There are also a number of risk factors that may favor the origin of this rare disorder. The most important are social isolation and extreme loneliness, sexual inhibitions and the use of toxic substances such as drugs and alcohol.

The typical epidemiology of this condition focuses mainly on single, extremely lonely women over the age of 30, but there are also records of erotomania in men with the same characteristics.

Clinical features of erotomania

Although, due to its uniqueness, there is not much current scientific literature on erotomania, a number of common features can be observed in patients suffering from it . These characteristics are:

1. A delusion common to all patients

Unlike most delusional disorders, in erotomania the basic delusion of all patients is that someone else is in love with them .

2. May be recurrent

During the development of the disorder, the patient may be convinced that the same person is in love with him/her for a long period of time , the longest known case recorded being 37 years; or, the patient may alternate different people, who substitute each other in similar delusions.

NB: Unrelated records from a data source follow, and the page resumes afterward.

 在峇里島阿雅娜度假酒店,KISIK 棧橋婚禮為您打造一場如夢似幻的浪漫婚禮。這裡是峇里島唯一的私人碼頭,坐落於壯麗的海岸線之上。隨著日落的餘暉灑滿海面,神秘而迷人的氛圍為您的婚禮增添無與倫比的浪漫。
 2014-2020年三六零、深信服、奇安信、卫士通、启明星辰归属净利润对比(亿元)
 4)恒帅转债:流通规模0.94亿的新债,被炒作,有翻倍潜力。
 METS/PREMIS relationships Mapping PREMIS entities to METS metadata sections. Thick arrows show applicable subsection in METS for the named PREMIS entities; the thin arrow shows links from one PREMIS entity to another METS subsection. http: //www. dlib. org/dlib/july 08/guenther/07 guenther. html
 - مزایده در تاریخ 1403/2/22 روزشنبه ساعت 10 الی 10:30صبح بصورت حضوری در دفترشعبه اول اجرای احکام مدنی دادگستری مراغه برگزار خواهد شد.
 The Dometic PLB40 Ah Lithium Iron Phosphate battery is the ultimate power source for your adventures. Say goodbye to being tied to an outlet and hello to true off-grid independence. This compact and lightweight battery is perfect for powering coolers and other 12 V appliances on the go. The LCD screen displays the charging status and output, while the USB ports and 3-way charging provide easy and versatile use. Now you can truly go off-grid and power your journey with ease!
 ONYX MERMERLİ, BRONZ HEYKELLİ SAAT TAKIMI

3. Illusory communication with the other person

During his delusions, the patient is convinced that the other person, the center of his delirium, is communicating with him through hidden messages, strange signs and clues or gestures that the patient interprets in any way.

4. Blaming the other

In a large number of cases, the patient has the conviction and perseverance that the other person was the one who initiated the contact or the one who started the “love affair”.

5. Higher social status of the other person

As a general rule, the target of the patient’s delusions is usually a person of a higher social or economic status , even affecting famous people, politicians, etc.

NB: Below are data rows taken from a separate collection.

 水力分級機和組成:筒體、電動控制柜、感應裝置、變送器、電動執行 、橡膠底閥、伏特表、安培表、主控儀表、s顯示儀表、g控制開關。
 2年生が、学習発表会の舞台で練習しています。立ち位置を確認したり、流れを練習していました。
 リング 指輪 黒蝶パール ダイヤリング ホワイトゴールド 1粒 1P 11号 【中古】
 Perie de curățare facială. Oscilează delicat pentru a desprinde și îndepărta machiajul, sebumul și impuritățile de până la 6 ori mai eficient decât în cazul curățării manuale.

6. Construction of strange theories

As in many other delusional disorders, the patient constructs a series of strange theories that allow him/her to remain in his/her delirium, being more and more complicated as the person who is the object of the delirium denies or rejects outright the ideas or approaches of the other.

7. There does not have to be a real contact

The person at the center of the patient’s delusion doesn’t have to be someone they know first-hand. He or she may be completely unaware of the patient’s intentions or thoughts, or may be tormented by the patient’s constant attempts to contact him or her.

A person affected by erotomania may obsessively attempt to contact the other person by phone, mail or email or even by stalking.

Treatment and prognosis

Although most people with this disorder rarely come to mental health services, erotomania requires psychotherapeutic intervention in line with treatments for delusional disorders .

Nowadays, these treatments imply an approach both psychological and pharmacological , in which psychologists and doctors must coordinate and work to improve the mental health of the patient.

Although the intervention may undergo some change depending on the severity or the disposition of the delirium, the objective of psychological therapy is to establish the patient in reality, also aided by pharmacological therapy by means of the administration of antipsychotic medication, antidepressants or euthymizing drugs.

It is necessary to point out that although the intervention in patients with erotomania manages to diminish the amorous delirium, at least in 50% of the cases, this does not usually disappear completely, constituting a chronic condition.

The John Hinckley Jr. case

One of the most renowned cases of erotomania, which became famous worldwide, was that of John Hinckley Jr. in 1981. During his delirium of love, Hinckley ended up committing an assassination attempt on the American president Ronald Reagan .

After the failed assassination attempt, he stated that his motivation was to dazzle the well-known actress Jodie Foster , for whom he felt an obsession derived from her erotomanic delirium. The central idea of Hinckley’s delirium was that the assassination of President Reagan would cause the actress to publicly declare her love for him.

Before the attack on the president, Hinckley had already carried out obsessive and persecutory behaviour towards the actress through constant phone calls, letters and sudden appearances in all the places where the actress was.

Finally, Hinckley was acquitted on the grounds of psychological disorders and was committed to a psychiatric facility.